Mastering Atari Games with Limited Data

TL;DR

EfficientZero targets the challenge of data-efficient reinforcement learning in image-based tasks by building on MuZero and adding three innovations: a self-supervised temporal consistency loss to better learn the environment model, an end-to-end value-prefix predictor to combat state aliasing, and a model-based off-policy correction to stabilize learning with limited data. The method achieves super-human performance on Atari 100k with only 2 hours of gameplay and reaches competitive results on DMControl 100k, outperforming several prior baselines and demonstrating strong practical potential for real-world applications. Through targeted ablations, the paper shows that the consistency signal is the most impactful component, with the value-prefix and off-policy correction providing additional gains in early learning and data-limited regimes. Together, these contributions advance sample-efficient, model-based RL for high-dimensional visual control and open avenues for lighter, more deployable planning-based agents.

Abstract

Reinforcement learning has achieved great success in many applications.
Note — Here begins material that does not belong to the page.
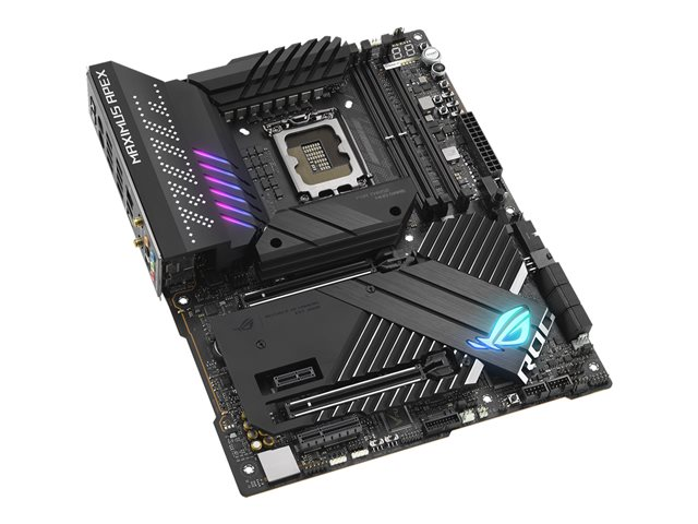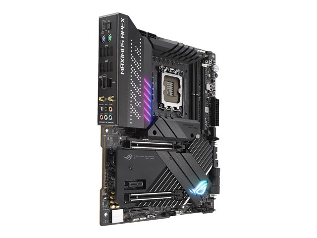 La ROG MAXIMUS Z690 APEX est le choix privilégié de ceux qui recherchent l'alliance parfaite entre vitesse brute et technologie de pointe comme la mémoire DDR5, le PCIe 5.0, et des charges de puissance adaptées aux processeurs avancés les plus performants. Sa structure profilée est conçue pour une latence ultrafaible et une bande passante maximale, afin de permettre aux utilisateurs de découvrir les limites de la performance et d'établir de nouveaux records mondiaux.

However, sample efficiency remains a key challenge, with prominent methods requiring millions (or even billions) of environment steps to train. Recently, there has been significant progress in sample efficient image-based RL algorithms; however, consistent human-level performance on the Atari game benchmark remains an elusive goal. We propose a sample efficient model-based visual RL algorithm built on MuZero, which we name EfficientZero. Our method achieves 194.3% mean human performance and 109.0% median performance on the Atari 100k benchmark with only two hours of real-time game experience and outperforms the state SAC in some tasks on the DMControl 100k benchmark. This is the first time an algorithm achieves super-human performance on Atari games with such little data. EfficientZero's performance is also close to DQN's performance at 200 million frames while we consume 500 times less data. EfficientZero's low sample complexity and high performance can bring RL closer to real-world applicability. We implement our algorithm in an easy-to-understand manner and it is available at https://github.com/YeWR/EfficientZero. We hope it will accelerate the research of MCTS-based RL algorithms in the wider community.

Figures (9)

• Figure 1: Our proposed method EfficientZero is 176% and 163% better than the previous SoTA performance in mean and median human normalized score and is the first to outperform the average human performance on the Atari 100k benchmark. The high sample efficiency and performance of EfficientZero can bring RL closer to the real-world applications.
• Figure 2: The self-supervised consistency loss.
• Figure 3: A sample trajectory from the Atari Pong game. In this case, the right player didn't move and missed the ball.
• Figure 4: Evaluations of image reconstructions based on latent states extracted from the model with or without self-supervised consistency. The predicted next states with consistency can basically be reconstructed into observations while the ones without consistency cannot.
• Figure 5: Training and validation losses of direct reward prediction method and the value prefix method.